The time courses of brain regions corresponding to CC400 atlas (ADHD-200 version, Craddock et al. (2012)) were obtained by averaging voxel-wise fMRI intensities within regions. This yielded 351 regional time courses per subject. Based on these 351 regional time courses, we computed a 351 × 351 correlation matrix describing the strength of the functional connectivity between region pairs. Vectorizing correlation matrix and removing redundant elements yields 61425 features per subject. We removed the datasets that did not pass the quality control of the Neuro Bureau. After this, data from 922 subjects remained (555 Typically Developing, 204 ADHD-Combined, 12 ADHD-Hyperactive/Impulsive, and 127 ADHD-Inattentive). We still removed 12 ADHD-Hyperactive/impulsive cases from consideration as the number of subjects in this group was not sufficient for meaningful classification.
Results
Performance compared to baseline methods
This section presents the experimental results obtained using the presented methods with both the ADNI and the ADHD databases. To analyse the performance of our algorithm, we have compared it with the following baseline approaches:
– SVM classifier (SVM): A set of original features are fed to a linear SVM.
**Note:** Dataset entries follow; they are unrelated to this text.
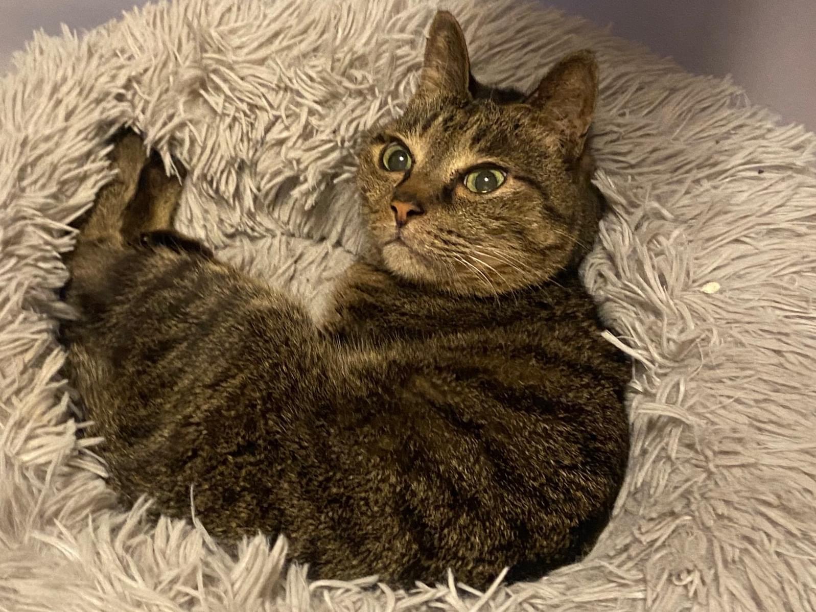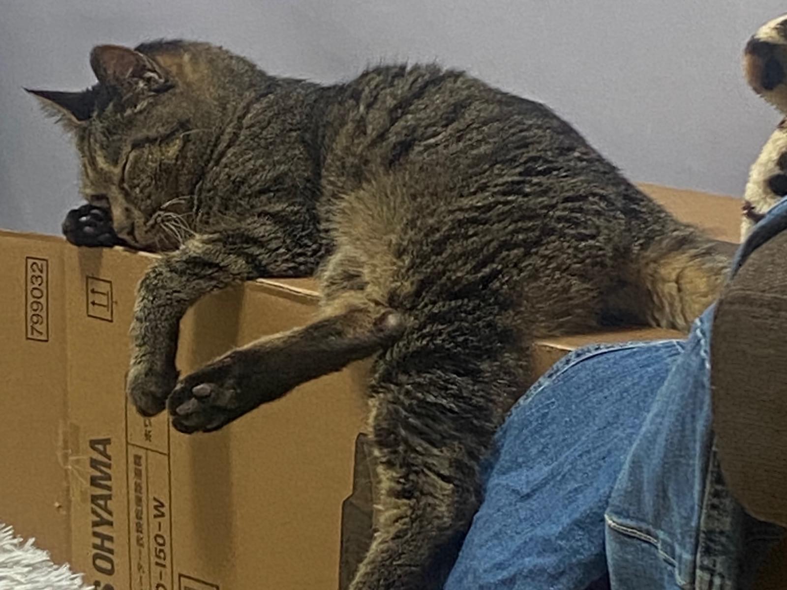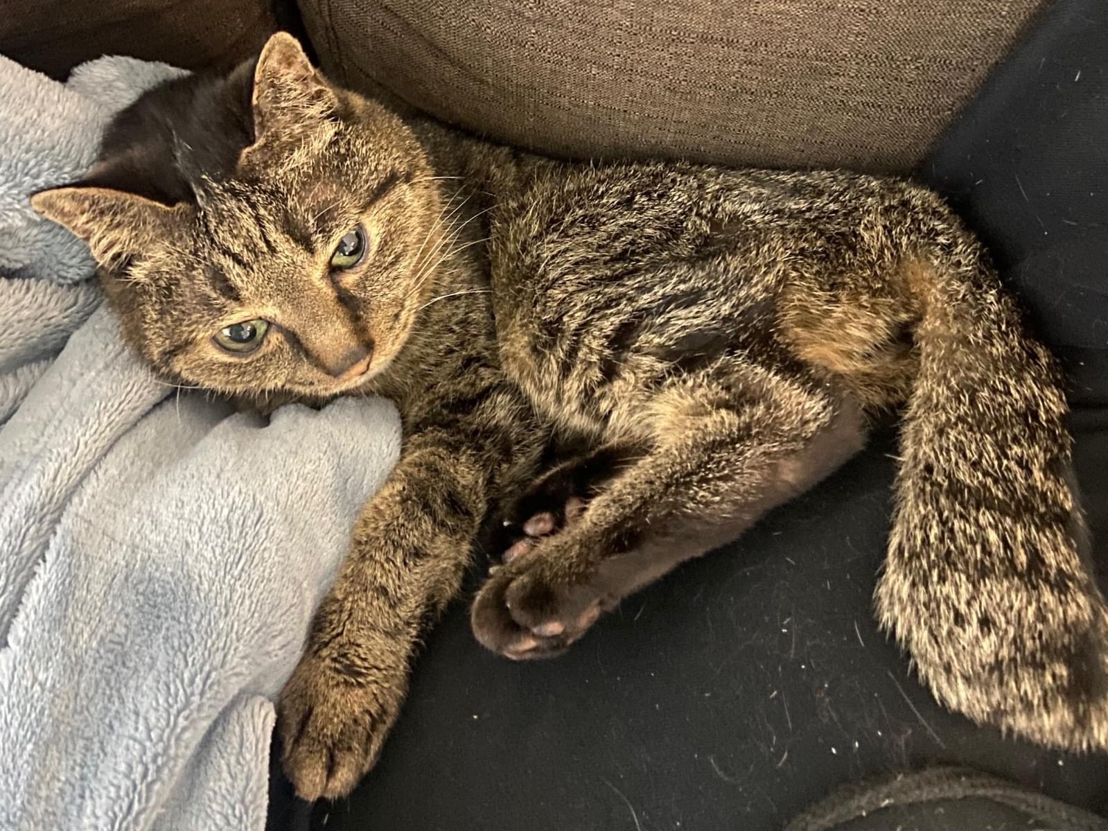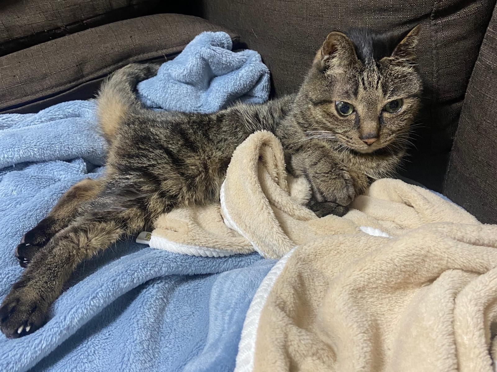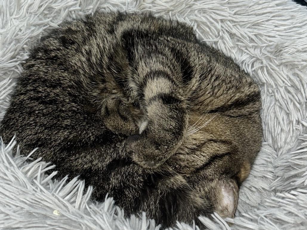 雑種のキジトラで尻尾がカギしっぽになっています。
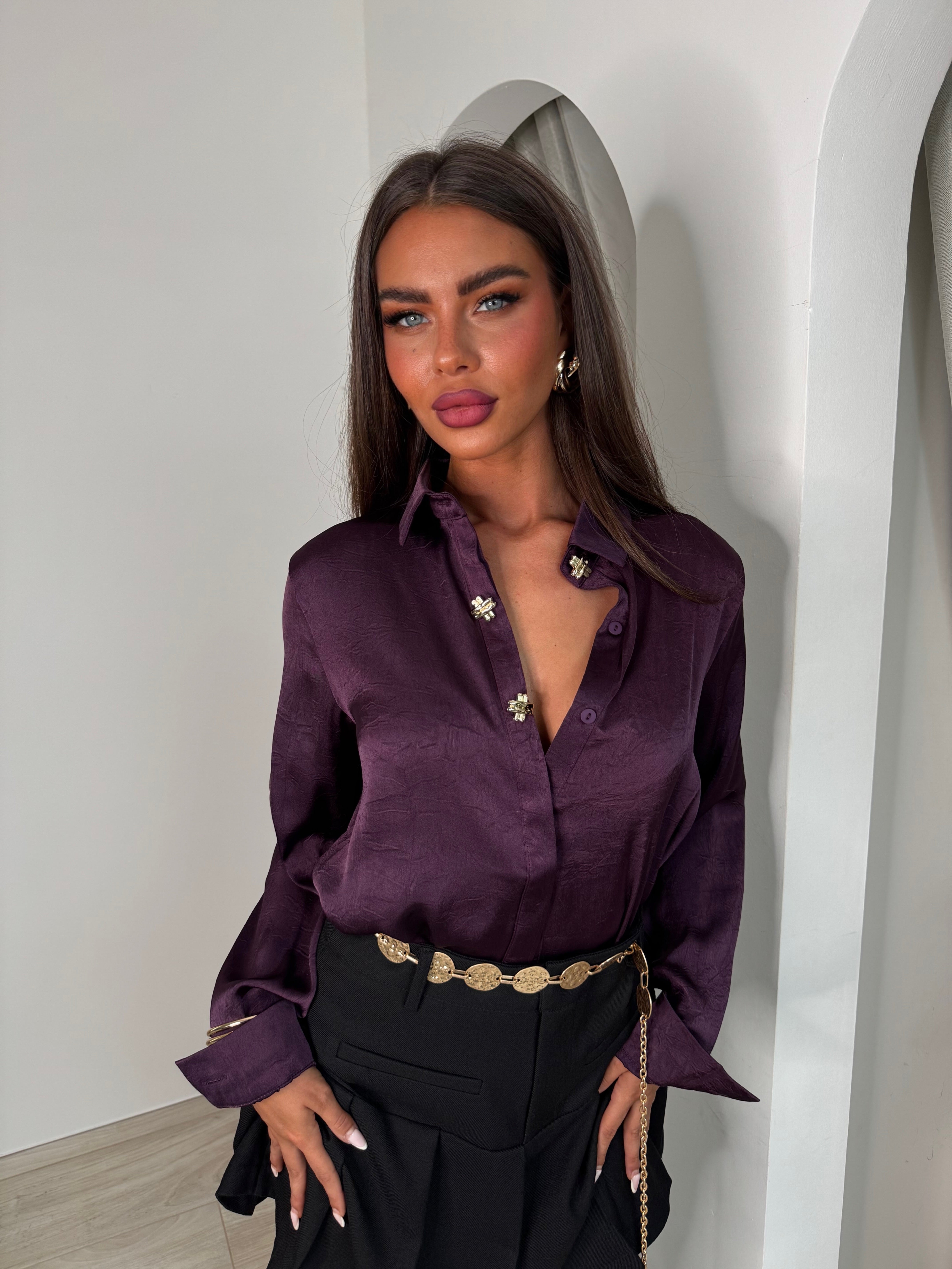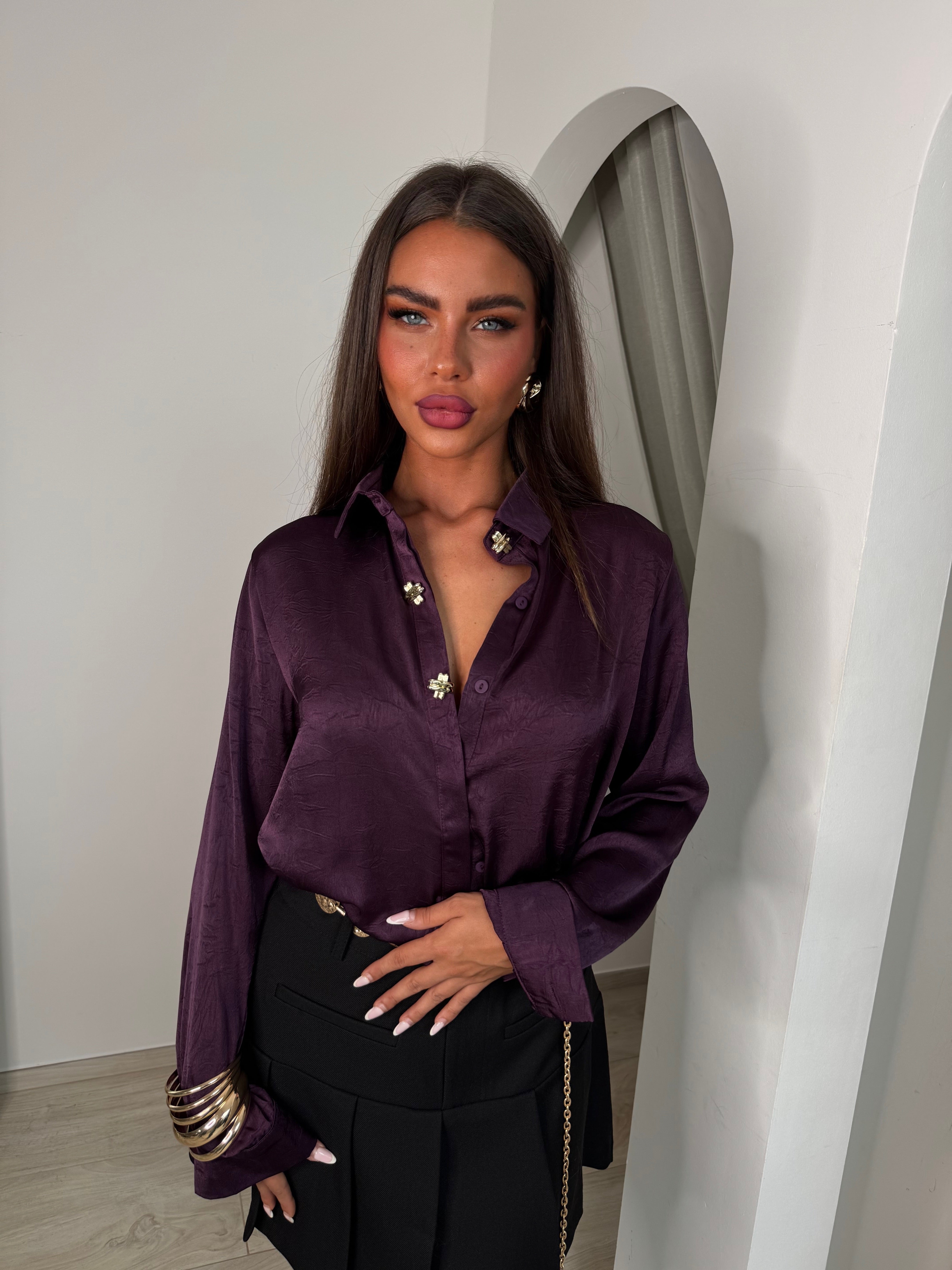 Chemise satinée à boutons bijoux
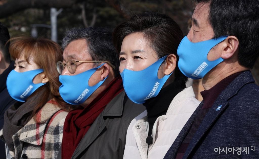 나경원 전 미래통합당(현 국민의힘) 의원이 31일 서울 종로구 청와대 앞 분수대에서 '탈원전 반대 시민단체와 함께하는 긴급 기자회견’을 하고 있다. 이들은 최근 문재인 정부가 북한 원전 지원을 계획한 문서가 언론 보도를 통해 드러나면서 현 정권의 원전 관련 이중행태를 지적했다./김현민 기자 kimhyun81@
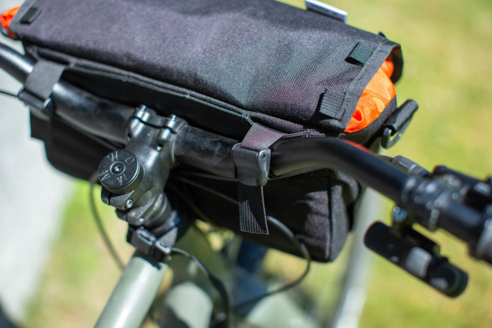 The Handlebar Pack has a removable aluminum stabilizer bar that’s designed to leave more room for your hands and help stabilize the load. Two pieces of One-Wrap Velcro hold the stabilizer to the handlebar, and two Voile-style straps secure the bag to the bar. The only downside is that the position of the stabilizer means it will likely rub on most stems. Because it’s removable and there’s a daisy chain attachment point on the bag itself, you could theoretically skip the stabilizer, but it would likely result in a far less sturdy setup.
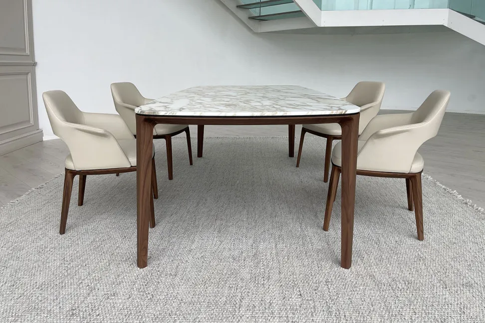 The Henry table on Expo offer in our showroom features walnut legs and a mat Calacatta marble top.
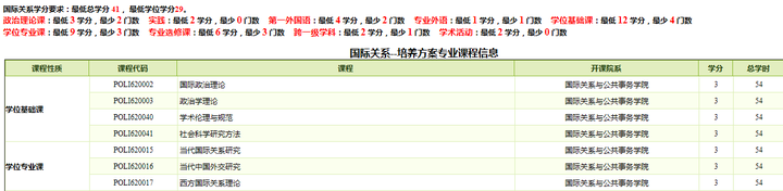 教学培养本专业硕士培养目标的官方版本是“坚持德、智、体、美全面发展的培养方针,通过对国际政治理论与历史知识、社会科学研究方法、学术规范伦理及相关专业理论知识的系统研究与学习,培养品学兼优,掌握坚实的国际政治理论和专门知识,具有较强的文字能力,能熟练运用外语(一门),具有从事本学科科学研究以及高等学校教学和涉外部门工作能力的专业人才。”根据这一目标,学生需要修完29学位学分的课程(见下表),其中第一外国语的两门4学分课程如果六级590(或托福100雅思7)以上可以申请免修(详见2016级复旦大学研究生第一外国语(英语)申请免修暂行实施办法);专业外语是所有学生必修的,过去学院专门开设“专业外语”课程,现在只要在复旦或外出交流期间修过一门等学分的全英文专业课程即可;
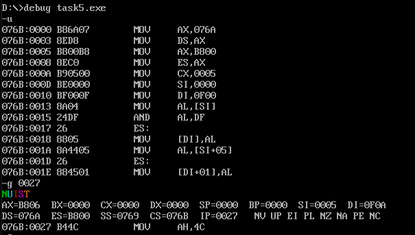 assume cs:code, ds:data data segment db 'Nuist' db 5 dup(2) data ends code segment start: mov ax, data mov ds, ax mov ax, 0b800H mov es, ax mov cx, 5 mov si, 0 mov di, 0f00h s: mov al, [si] and al, 0dfh mov es:[di], al mov al, [5+si] mov es:[di+1], al inc si add di, 2 loop s mov ah, 4ch int 21h code ends end start -

– Standard CCA with a SVM (CCA): The original features are processed by a standard CCA and, later, classified by a linear SVM.
– SVM significance map with a SVM (p-map): The features are fed to the p-map of the SVM which carries out the feature selection, being after classified by a linear SVM. The p-map+SVM method was used by Abdulkadir et al. (2014) in the CADDementia challenge (Bron et al. 2015) as a multiclass classification approach following a one vs. all approach, providing a set of selected features for each class.
Regarding the ADHD database, we have implemented the methods used by Qureshi et al. (2016) for multiclass classification with feature selection. One should note that Qureshi et al. (2016) used 320 cortical features based on structural MRI whereas we have 61425 features based on resting-state fMRI. Three different implementations of the method have been used, using ELM with all the features (ELM), ELM along with the feature selection obtained with the RFE (ELM+RFE) and HELM with the feature selection of the RFE (HELM+RFE). When cross-validating the number of selected features, we used CV Stability Point (CV-SP) to select the optimum threshold3.
We compared the baseline approaches to the RB-CCA+ST (RB-CCA along with statistical test) version of our method with balanced CCA. We made use of our balancing MVA scheme (Subsection Balanced regularized MVA) along with the balanced version of the final SVM classifier. Different versions of our method are compared in section Analysis of the different stages of the method.
The results obtained with the different methods with the ADNI database are listed in Table 3. These show that the proposed approach outperformed the baseline methods both in terms of balanced accuracy and AUC. In addition, this performance improvement was achieved using one third of the original features. Comparing our approach with the p-map baseline, the proposed approach resulted in better classification accuracy with smaller standard deviation in the number of selected features and could thus be considered to lead to more consistent and relevant characterization of the classification problem.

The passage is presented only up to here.